5 is a plan view showing a combustion air injection unit of the second and third combustion air supply units according to an embodiment of the present invention.
6 is a schematic view showing a fluid medium discharge unit according to an embodiment of the present invention.
FIG. 7 is a schematic view showing a discharge flow of exhaust gas in a boiler-integrated bubbling fluidized bed combustion furnace according to an embodiment of the present invention.
8 is a schematic view showing the flow of combustion air injected into the bubbling fluidized bed combustion furnace through the second and third combustion air supply means according to an embodiment of the present invention.

Hereinafter, the present invention will be described in detail with reference to the drawings. It is to be noted that like elements in the drawings are represented by the same reference numerals as possible. Further, detailed description of known functions and configurations that may unnecessarily obscure the gist of the invention will be omitted.

2 is a schematic view showing a boiler-integrated bubble-fluidized bed combustion furnace according to an embodiment of the present invention.

2, the boiler integrated bubble-fluidized bed combustion furnace 1 according to an embodiment of the present invention includes a bubble fluidized bed combustion furnace 10, a first combustion air supply means 20, a second combustion air supply means 30, A third combustion air supply unit 40, a waste heat recovery boiler 50, a second waste heat recovery unit 60, and a heat exchange unit 70.

The bubbling fluidized bed combustion furnace 10 includes a main combustion furnace 11 and a second combustion furnace 12.

The main combustion furnace 11 is provided with a fuel inlet 11a at one side of the outer surface thereof and a first combustion burner 11c at the other side thereof.

In order to prevent local combustion or locally heat accumulation in the main combustion furnace due to the injection of the solid fuel into the fuel inlet 11a in one direction, it is preferable that at least two fuel injection openings 11a are formed .

The flow medium 11b is floated above the bubbling fluidized bed combustion furnace 10 through the first combustion air supply means 20 and mixed with the solid fuel to be injected so that the solid fuel can be uniformly combusted. Any one of alumina oxide or sand may be used.

The first combustion burner 11c burns light oil, biogas or the like to raise the temperature inside the main combustion furnace 11 to a predetermined temperature.

The second combustion furnace 12 is vertically extended on the main combustion furnace 11 and has a second combustion burner 12a at one side and an urea water supply means 12b at an upper side.

 Here, the second combustion burner 12a serves to burn the biogas or the like to maintain the temperature inside the second combustion furnace 12 at a predetermined temperature.

The urea water supply means 12b serves to purify the nitrogen oxide contained in the exhaust gas generated in the second combustion furnace 12 due to the combustion of the solid fuel.
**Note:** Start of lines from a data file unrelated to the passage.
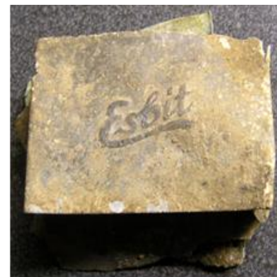
Restant doosje voor spiritusblokjes

landgoed. Na een korte zoektocht werd dankzij de terreinkennis van de beheerder het onderduikershol gevonden, enige honderden meters verder dan het Douglas perceel vlak bij de Duivelssteen. Met een metaaldetector werden het onderduikershol en de twee andere hollen in de buurt afgezocht. Na enig speurwerk werden er inderdaad spulletjes gevonden die duidelijk toebehoorden aan de gebruikers van de hollen, o.a. asfaltpapier, kolen en aluminium doosjes van ESBIT-spiritusblokjes die waarschijnlijk gebruikt zijn om eten mee te koken.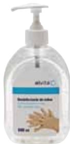
(2) 500 ml (6861864)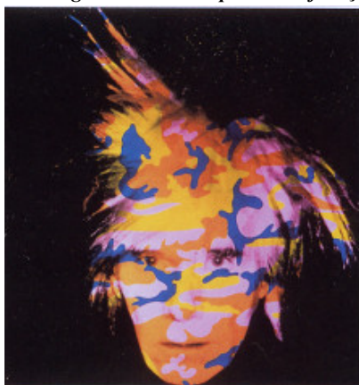
4) Andy Warhol (1930-1987), Autoportrait 9 (1986), acrylique sur toile, 203,5 x 203,7 cm (National Gallery of Victoria, Melbourne).

Le pop-Art : d'Andy Warhol à la ménagère de moins de 50 ans.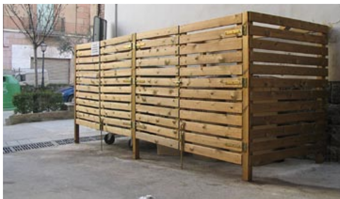
Tancat dels contenidors d'orgànica i rebuig d'un establiment de restauració.

municipals. Amb l'adhesió d'aquests negocis, l'Àrea de Sostenibilitat preveu incrementar la recollida de la matèria orgànica en prop de 100 tones l'any.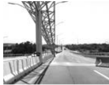
EL PUENTE costó 200 millones de pesos

“Los fines de semana es cuando más se nos complica esa situación y tenemos que enviar a oficiales para que agilicen el flujo de automóviles, tanto de los que entran como de los que salen, ya que la empresa solo abrió un carril y el otro permanece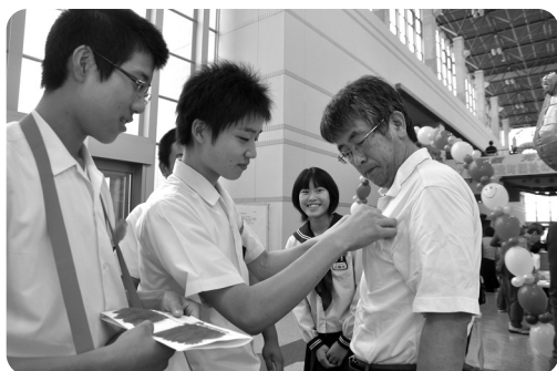
「福祉のつどい」で募金ボランティアの 鹿島中学校生徒会の皆さん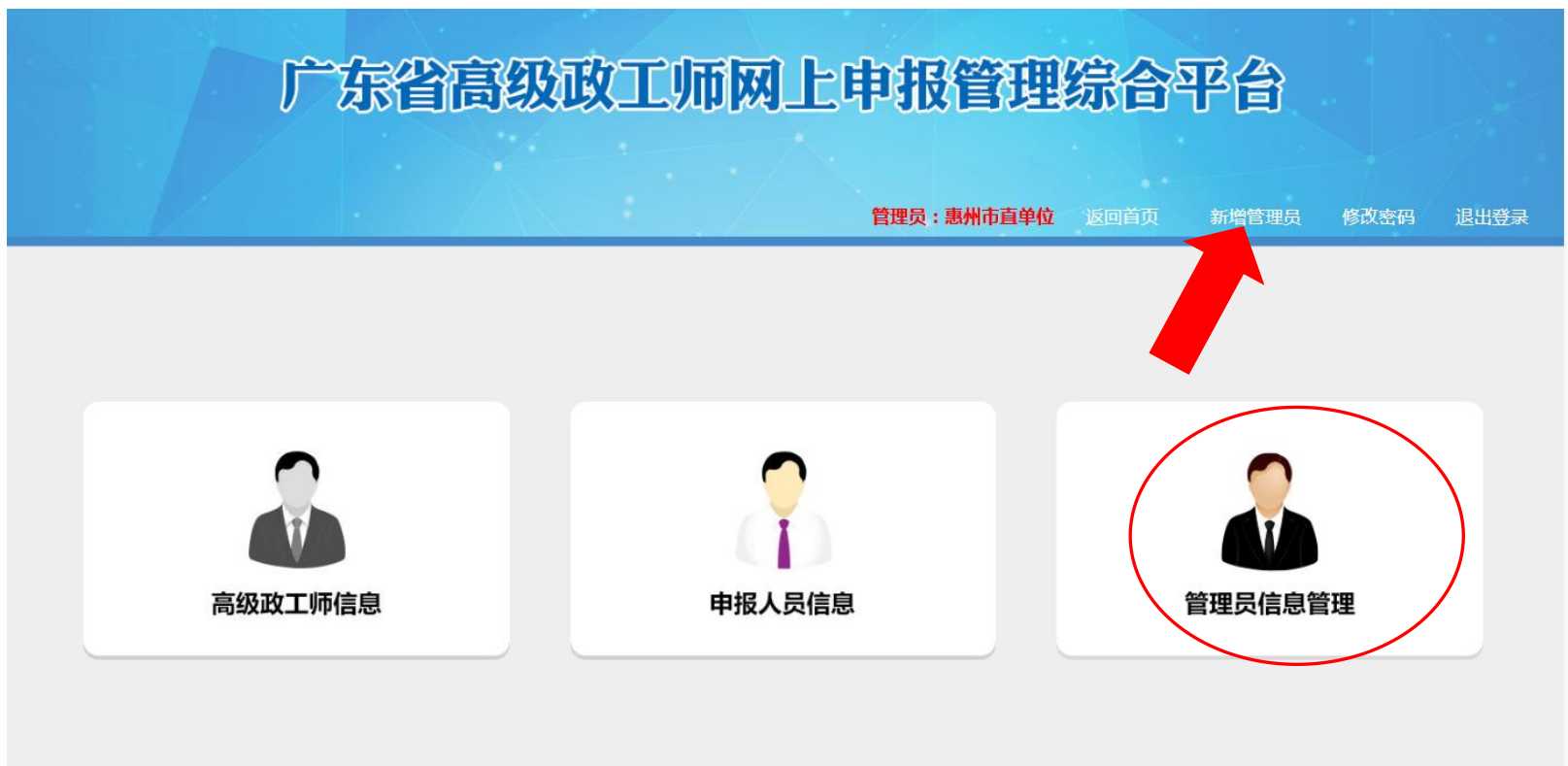
图 4-3-3 一级、二级账户登录页面首页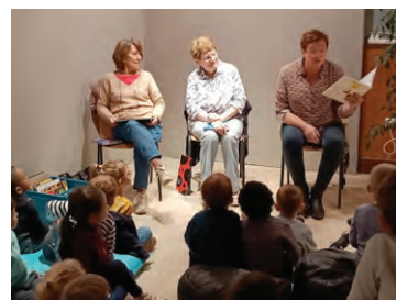
Les bibliothécaires bénévoles invités lors du Salon d'Art pour décliner des histoires à croquer l'Art devant le jeune public.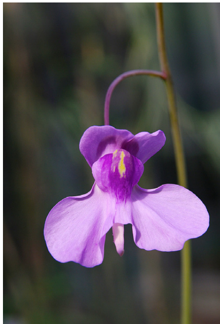
Květy masožravé bublinatky lotosolisté jsou asi 4 cm velké, podobné některým orchidejím.

Umělé navození symbiózy dvou ekologicky velice podivných rostlin, samotných o sobě velice náročných na podmínky prostředí, je potom výsled-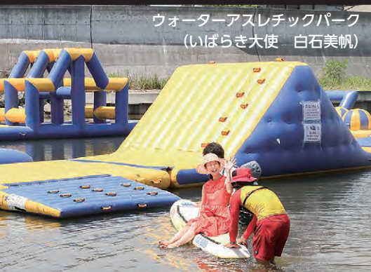
ウォーターアスレチックパーク (いばらき大使 白石美帆)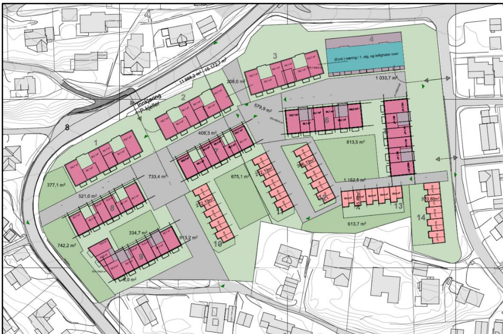
Figur 5-1: Alternativ 1 (Norconsult 2023)

Adkomst inn til området ved full utbygging vil skje fra Fiolrabben. Det er foreslått en midlertidig innkjøring til p-kjeller fra Stokkanveien.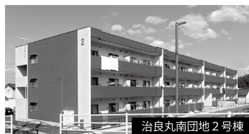
治良丸南団地2号棟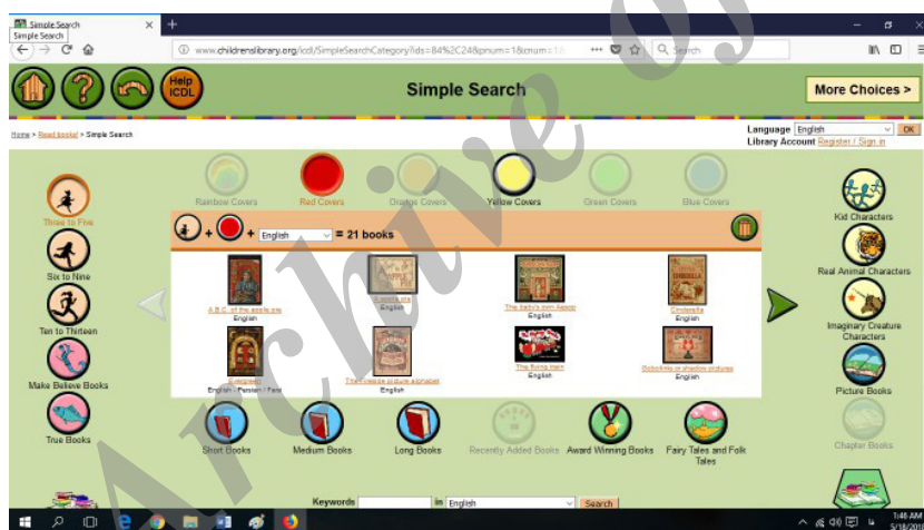
شکل ۱. نمونه‌ای از یک جستجوی ساده

برای ارزیابی رده‌هایی که بیشترین استفاده از ICDL را داشتند، پژوهشگر از شرکت‌کنندگان خواست تا کتابی را از مقوله‌های مورد علاقه خود انتخاب کنند. یافته‌ها نشان داد که اکثر کودکان سطح ابتدایی کتاب را بر اساس رنگ جلد و نوع ادبی انتخاب می‌کردند. درحالی که کتاب‌های محبوب دانش‌آموزان دوره راهنمایی براساس موضوع و نوع ادبی بود. بنابراین، رده ژانر یا نوع ادبی در اولویت اصلی انتخاب مشترک در هر دو گروه بود. شرکت‌کنندگان تمایلی به جستجوی کتاب‌های دسته‌بندی‌شده براساس امتیاز اختصاص یافته نداشتند. علاقه‌مند بودند خودشان به کتاب‌ها امتیاز بدهند. یکی از شرکت‌کنندگان دوره راهنمایی پیشنهاد کرد که بهتر است استفاده‌کنندگان بتوانند آیکن انتخابی خود را که به صورت ناخواسته (اشتباهی) انتخاب شده، مستقلاً حذف کنند. شکل زیر نمونه‌ای از نتیجه یک جستجوی ساده است. در این نمونه سه دسته با هم ترکیب شده است. این دسته‌بندی‌ها عبارت‌اند از: رنگ جلد کتاب، سن و زبان خواننده.

The first combustion air supply means 20 is installed in the lower part of one side of the main combustion furnace 11 so as to be buried in the inside of the fluidizing medium 11b and as shown in the enlarged view, And a nozzle 22 coupled to each of the distribution pipes 21a of the manifold 21, the manifold 21 having a plurality of distribution pipes 21a formed on one side of the outer surface thereof, And serves to fluidize the fluidizing medium 11b by supplying the combustion air from the first blowing means 85 provided outside and to supply the combustion air into the main combustion furnace 11. [

It is preferable that the air supplied through the first combustion air supply means 20 is supplied in an amount of 55 to 65% of the amount of air required to burn the renewable energy of a high heat amount such as a solid fuel to be supplied to the discharge port 75 .

The second combustion air supply means 30 is installed on the upper portion of the first combustion air supply means 20 in one side of the main combustion furnace 11 and receives the combustion air from the second blowing means 95 installed on the outside And serves to supply combustion air into the main combustion furnace 11. [

The second combustion air supply means 30 is preferably disposed at a position directly below the fuel inlet 11a, that is, at a position where the main combustion furnace 11 ends, and the solid fuel It is preferable that 25 to 35% of the amount of air necessary for combusting the renewable energy with a high heating amount such as the amount of air is supplied.

The third combustion air supply means 40 is installed at one side of the second combustion furnace 12 and receives combustion air from the second blowing means 95 installed in the outside, .

It is preferable that the third combustion air supply means 40 is disposed directly above the fuel inlet 11a, that is, at a portion where the second combustion furnace 12 starts, and the third combustion air supply means 40 is disposed in the bubbling fluidized bed combustion furnace 10 It is desirable that 20 to 25% of the amount of air required to burn renewable energy with a high heating amount such as solid fuel is supplied.

As described above, in the boiler integrated bubbling fluidized bed combustion furnace 1 according to the present invention, the second combustion furnace 12 is vertically extended to an upper portion of the main combustion furnace 11, The combustion efficiency of the bubbling fluidized bed combustion furnace 10 is further improved by injecting the air necessary for burning the renewable energy of the bubbling fluidized bed combustion furnace 10 by dividing and injecting air through the first, second and third combustion air supply means 20, 30 and 40 , Carbon monoxide and thermal NOx generation can be minimized.

The waste heat recovery boiler 50 is integrally connected to the side of the second combustion furnace 12 and comprises a gas chamber chamber 51 and a first waste heat recovery unit 52.

The gas chamber chamber 51 is provided with a region through which exhaust gas discharged from the second combustion furnace 12 is discharged and is divided by the first vertical partition 51a into a first waste heat recovering portion 52, A first exhaust passage 51b for guiding the exhaust gas discharged from the furnace 12 from the upper portion to the lower portion is formed.

In addition, by forming the gas chamber chamber 51 to have a sufficient space, the exhaust gas flowing in from the second combustion furnace 12 flows into the gas chamber chamber 51, Particulate foreign matter such as dust falls to the lower portion of the gas chamber chamber 51 due to its own weight and is substantially removed, thereby minimizing the inflow of particulate matter such as dust, which is introduced together with the exhaust gas into the first waste heat recovering portion 52 The first water pipe 52c of the first waste heat recovering unit 52 can be minimized from being worn out due to particulate matter such as dust or the like.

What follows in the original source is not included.